Brit influence: "There's this whole trend that's coming out for fall that's almost a country-couture look. It has elements of English -- lots of plaid, tweed, argyle prints."

Add regional flair: "You can either have elements of the South or Southwest in what you're wearing -- for instance, I'm wearing a Temperley London dress that has a Southwestern pattern about it -- or you can add such elements, from hats to boots to belt buckles."

Laura Schara, Macy's Trend Expert

Git along, little gaudy: "Use a shirt or a blouse that has yokes and snaps -- maybe the double-snapped pockets -- but nothing with embroidery. Wear it with jeans. Don't overdo it."
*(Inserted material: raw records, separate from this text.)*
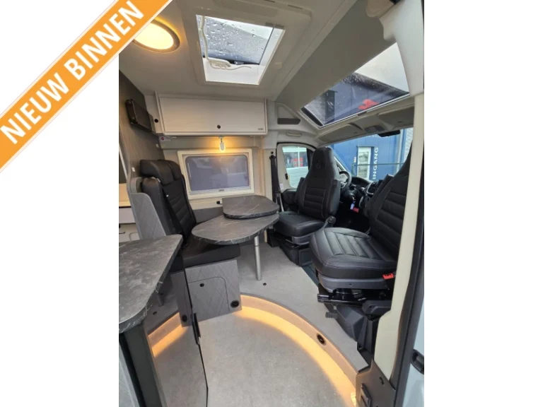 De ruime L-zit met draaibare cabinestoelen biedt plaats aan 4–5 zitplaatsen, 4 rijplaatsen en 4 slaapplaatsen.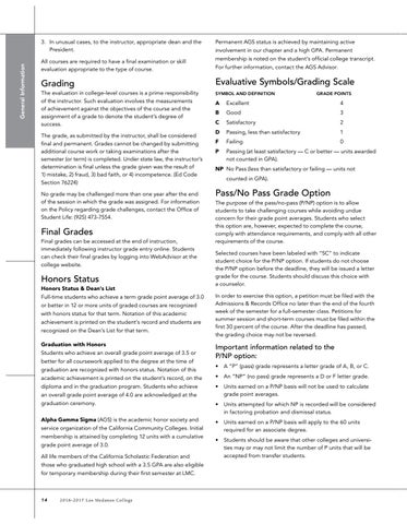 an overall grade point average of 4.0 are acknowledged at the graduation ceremony. Alpha Gamma Sigma (AGS) is the academic honor society and service organization of the California Community Colleges. Initial membership is attained by completing 12 units with a cumulative grade point average of 3.0. All life members of the California Scholastic Federation and those who graduated high school with a 3.5 GPA are also eligible for temporary membership during their first semester at LMC.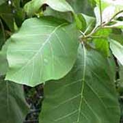 ด้านล่างสีเขียวเข้ม ด้านบนสีอ่อนกว่า ผิวใบมีขนสากมือ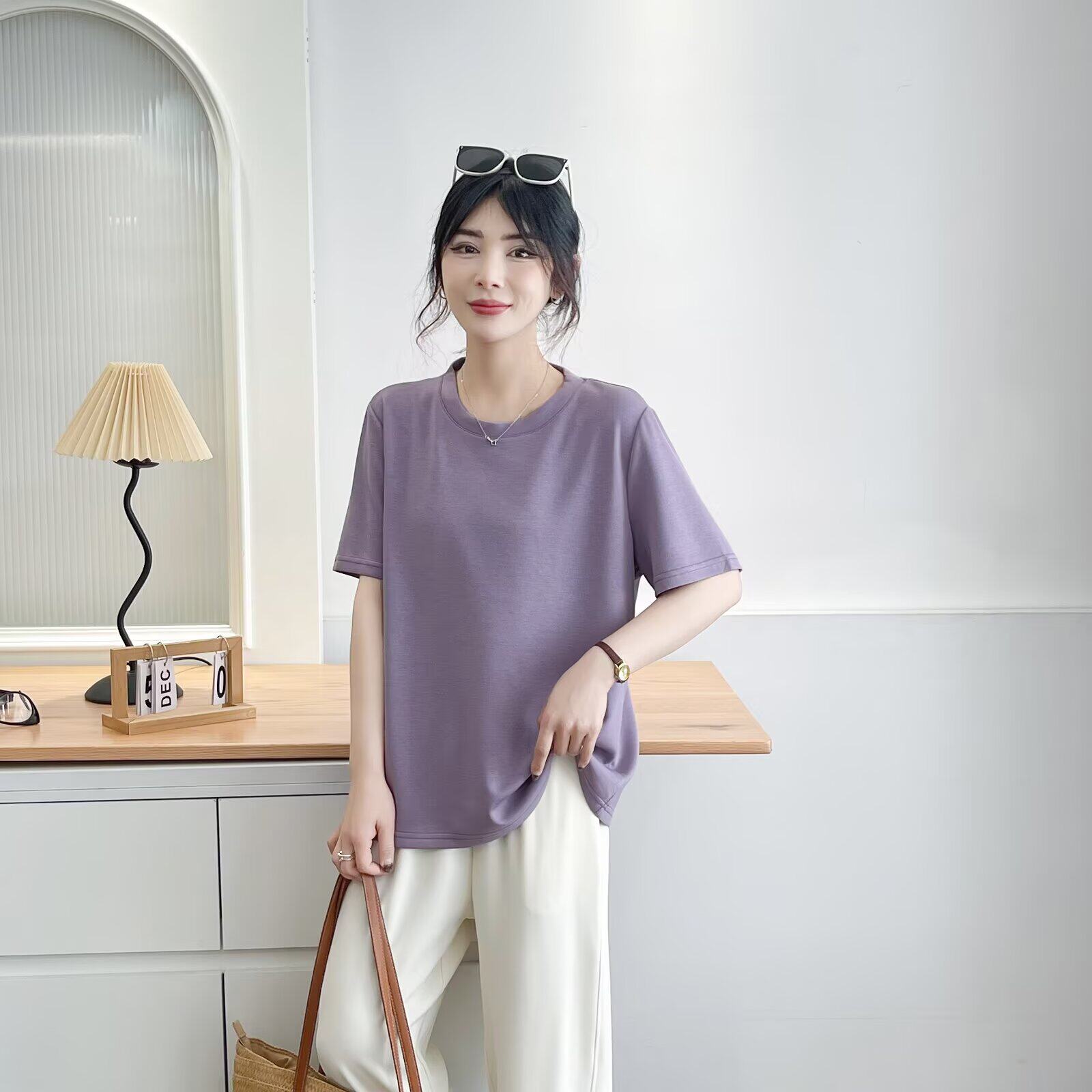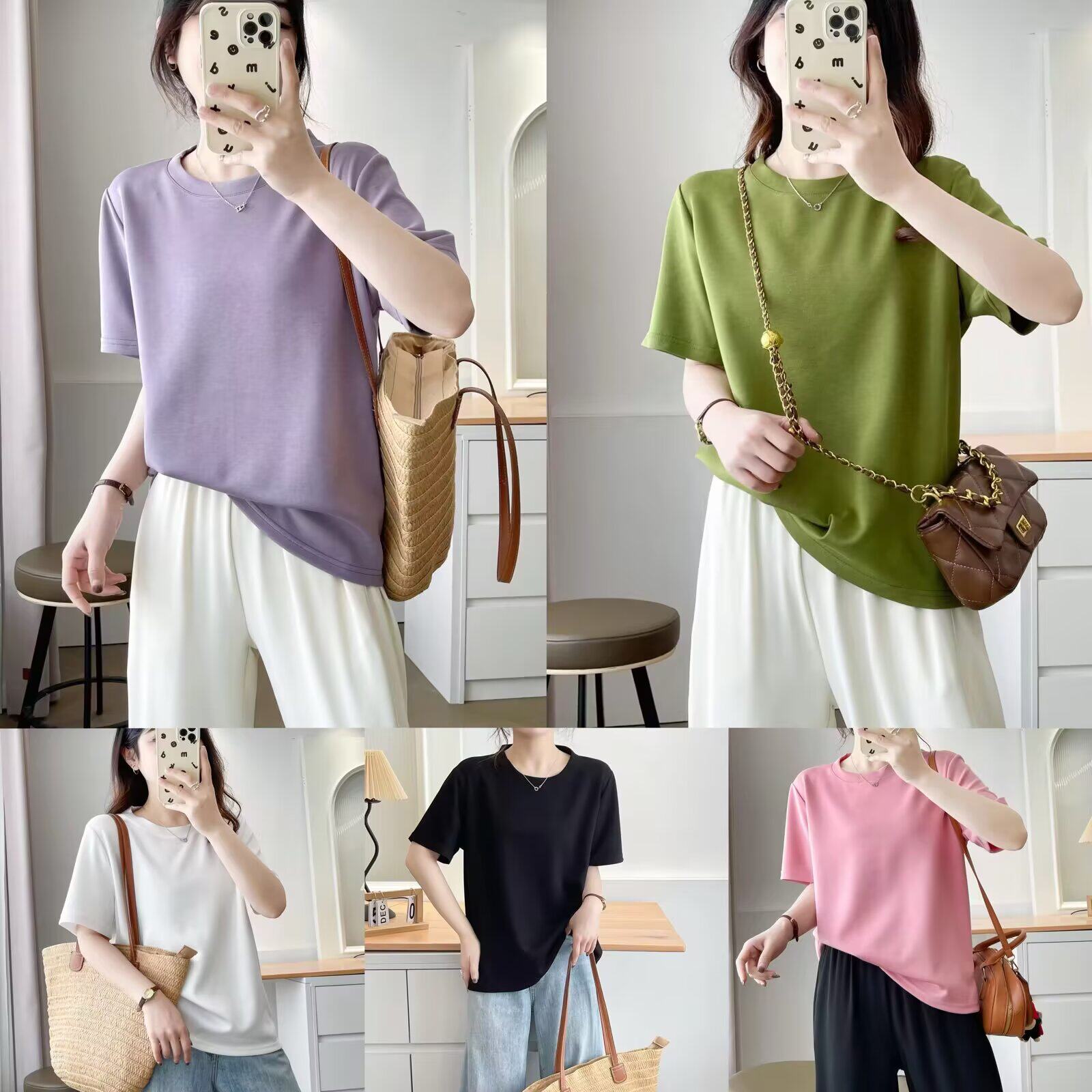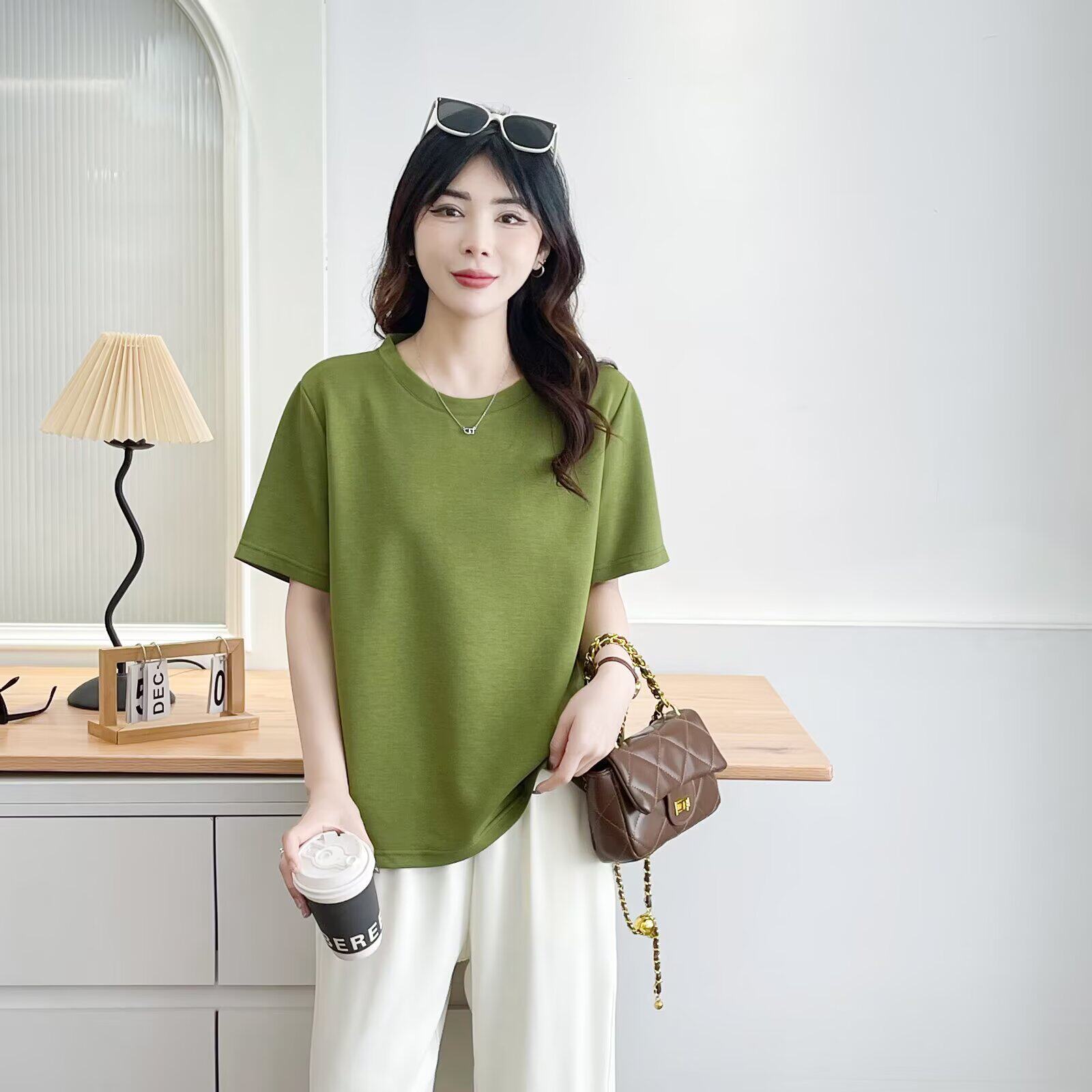 韩版 T恤大码 新款 女胖mm宽松圆领纯色短袖 简约上衣 套头衫 2025夏装

Not too matchy-matchy: "Mix it up! You don't want to go the whole nine yards with the hat and the boots and the belt. Pair a big cowboy belt with a designer dress, or something vintage with something new."

Linda McHale, co-owner, Corner Store

Think twice on that hat: "Try using light accents, like having a great cowboy belt, with some of the new fall fashions--longer skirts, voluminous tops. I spend a lot of time in New Mexico, and I'm a big opponent of the cowboy hat in Minnesota. I don't think they belong here; they're a regional cultural thing."